Eventhough there is an error in the close values validation, that's ok. Now I would like to run the model with the following Python:

from optimum.onnxruntime import ORTModelForCausalLM
from transformers import GPT2Tokenizer

model = ORTModelForCausalLM.from_pretrained("output/", from_transformers=False, use_cache=True)
tokenizer = GPT2Tokenizer.from_pretrained("output/")
tokens = tokenizer("My name is Julien and I like", return_tensors="pt")
outputs_model = model.generate(**tokens)

And I get the following error:

/home/jplu/anaconda3/envs/transformers/lib/python3.10/site-packages/transformers/generation_utils.py:1359: UserWarning: Neither `max_length` nor `max_new_tokens` has been set, `max_length` will default to 20 (`self.config.max_length`).
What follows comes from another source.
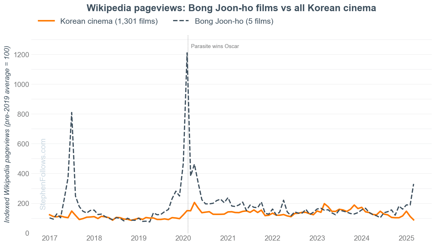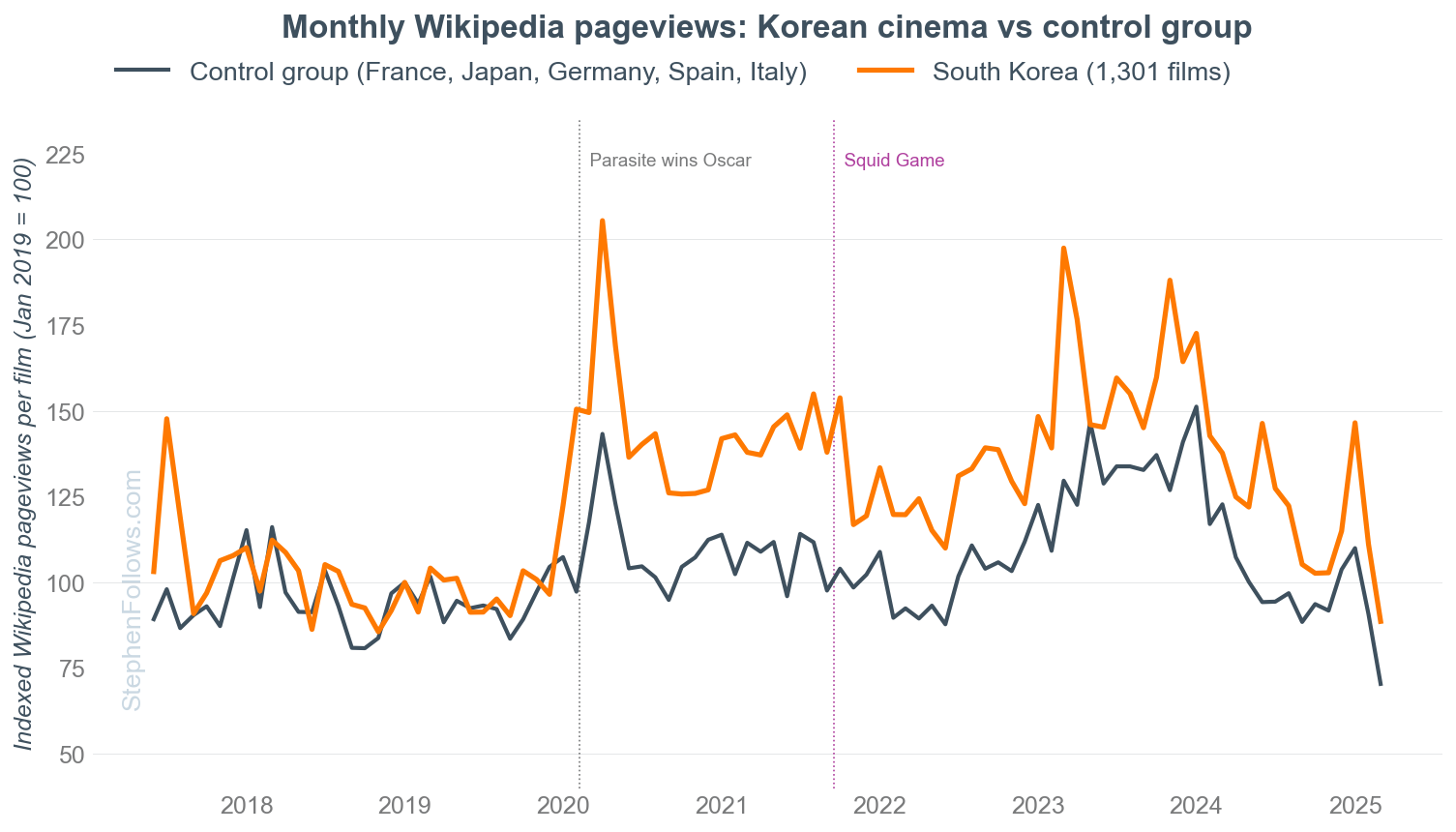 On the chart below, the orange line is per-film monthly Wikipedia views for 1,301 Korean films (Parasite excluded). The blue line is the comparison group, covering films from France, Japan, Germany, Spain and Italy (10,966 films in total). Both are indexed to 100 at January 2019, so what matters is the shape.

Controlling `max_length` via the config is deprecated and `max_length` will be removed from the config in v5 of Transformers -- we recommend using `max_new_tokens` to control the maximum length of the generation.
  warnings.warn(
Traceback (most recent call last):
  File "<stdin>", line 1, in <module>
  File "/home/jplu/anaconda3/envs/transformers/lib/python3.10/site-packages/torch/autograd/grad_mode.py", line 27, in decorate_context
    return func(*args, **kwargs)
  File "/home/jplu/anaconda3/envs/transformers/lib/python3.10/site-packages/transformers/generation_utils.py", line 1490, in generate
    return self.greedy_search(
  File "/home/jplu/anaconda3/envs/transformers/lib/python3.10/site-packages/transformers/generation_utils.py", line 2233, in greedy_search
    outputs = self(
  File "/home/jplu/anaconda3/envs/transformers/lib/python3.10/site-packages/optimum/modeling_base.py", line 60, in __call__
    return self.forward(*args, **kwargs)
  File "/home/jplu/anaconda3/envs/transformers/lib/python3.10/site-packages/optimum/onnxruntime/modeling_ort.py", line 1454, in forward
    outputs = self.model.run(None, onnx_inputs)
  File "/home/jplu/anaconda3/envs/transformers/lib/python3.10/site-packages/onnxruntime/capi/onnxruntime_inference_collection.py", line 196, in run
    raise ValueError("Model requires {} inputs. Input Feed contains {}".format(num_required_inputs, num_inputs))
ValueError: Model requires 26 inputs. Input Feed contains 2

Do I have to randomly feed myself the past_key_values.X.value and past_key_values.X.keys?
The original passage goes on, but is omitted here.